## WORK REQUIRED
The answer must reproduce exactly the lines from the one with "Fine turned &" through the end of the material, and it must contain no pictures.

## EXTRACTED INFORMATION
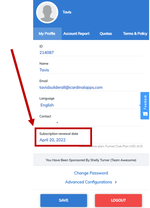 To find out when your next payment is due, go to "Account" in the top menu in the Builderall dashboard.
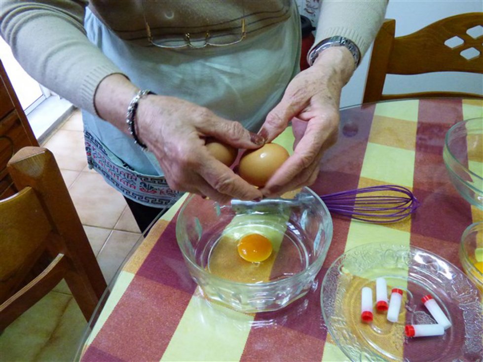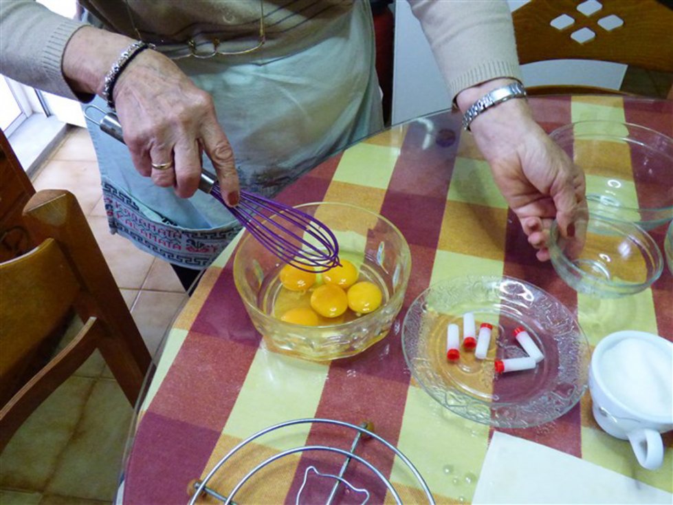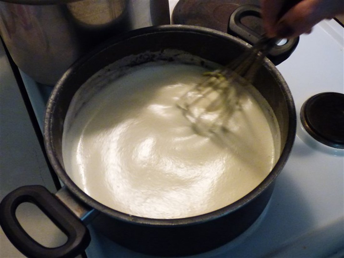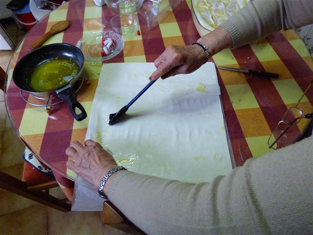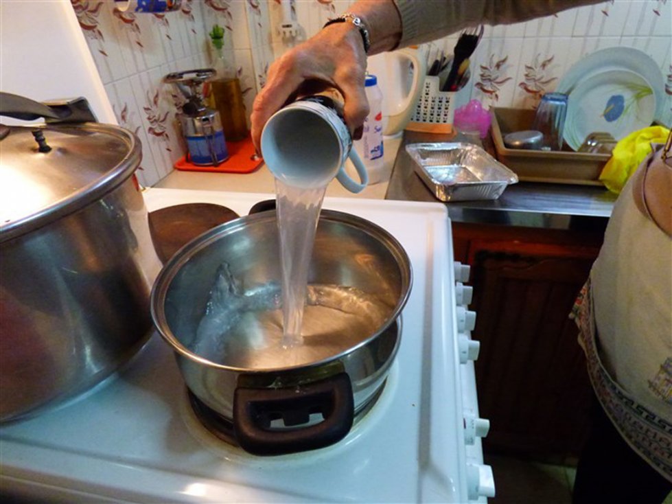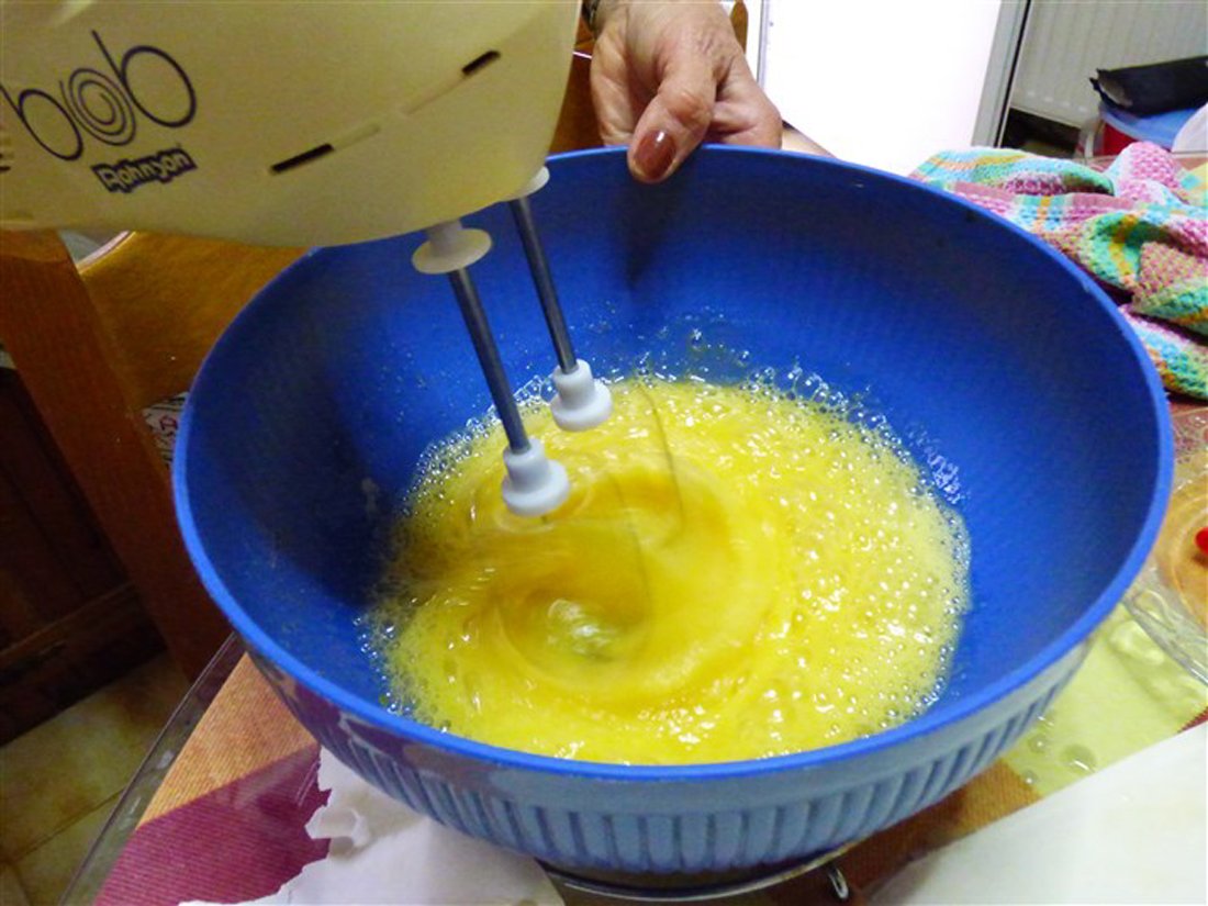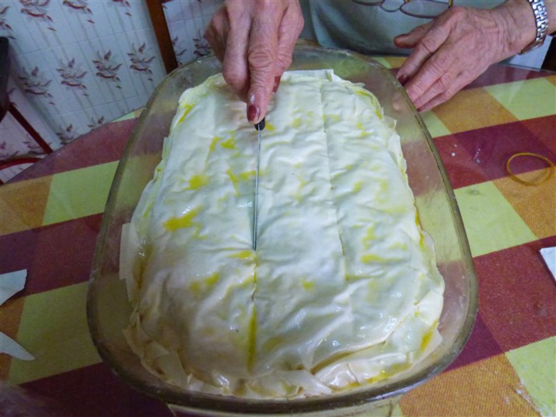 Giet vervolgens de melk in een pan en laat het zachtjes koken. Doe de eieren en de eidooiers in een kom en voeg hieraan de suiker toe. Voeg ook de griesmeel toe en klop het geheel. Mix het vervolgens verder in een grote kom en voeg tijdens het mixen de vanillesuiker toe. In Griekenland gebruikt men hiervoor buisjes vanillesuiker, wat in Nederland ongeveer gelijk staat aan een zakje vanillesuiker. Haal de pan met melk van het vuur en doe het mengsel bij de melk. Zet de pan daarna op middelhoog vuur en roer totdat er een dik, romig mengsel is ontstaan. Giet dit vervolgens over de bodem van filodeeg in de ovenschaal. Doe er een klein beetje kaneel bij.
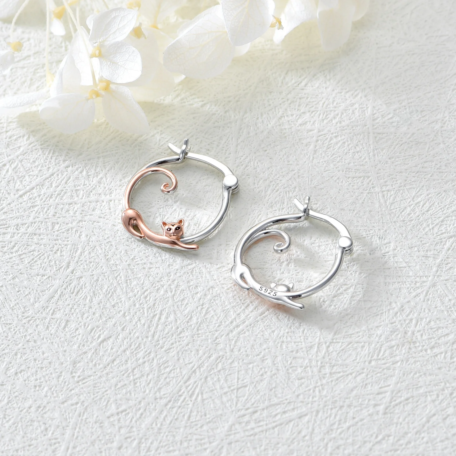 YFN Factory Sale Jewelry 925 Sterling Silver Cute Animal Cat Hoop Earrings For Women
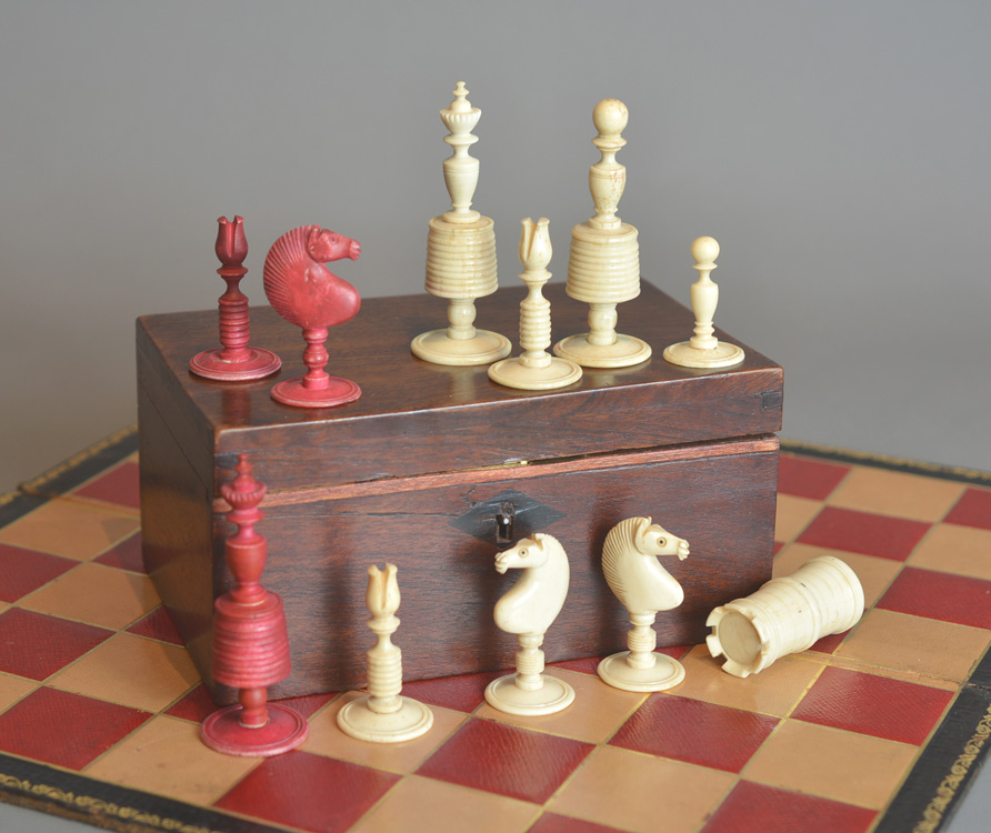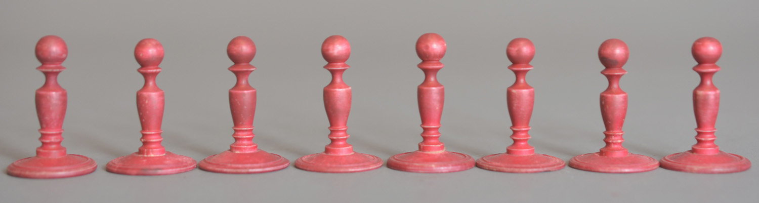 Fine turned & carved English bone chessmen one side stained red other side left natural.
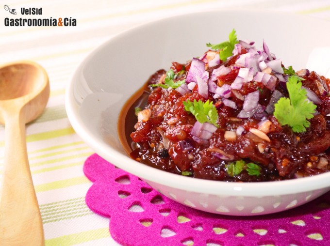Estábamos viendo el programa de Bel Arneson, La Diosa de las Especias, mientras cocinábamos, y cuando preparaba unas Parathas de pollo con chutney dulce de tomate no nos quedó otra que encender otro fuego y preparar ese chutney pero a nuestra manera. Nos llamó la atención la sencillez de la receta y que una vez hecho el chutney, incorporara la cebolla morada cruda, una propuesta que os animamos que probéis.
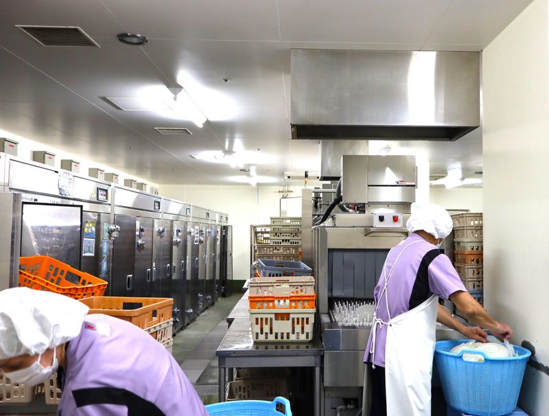 北里大学病院内での食器洗浄

## REPLY
 Fine turned & carved English bone chessmen one side stained red other side left natural.
Estábamos viendo el programa de Bel Arneson, La Diosa de las Especias, mientras cocinábamos, y cuando preparaba unas Parathas de pollo con chutney dulce de tomate no nos quedó otra que encender otro fuego y preparar ese chutney pero a nuestra manera. Nos llamó la atención la sencillez de la receta y que una vez hecho el chutney, incorporara la cebolla morada cruda, una propuesta que os animamos que probéis.
 北里大学病院内での食器洗浄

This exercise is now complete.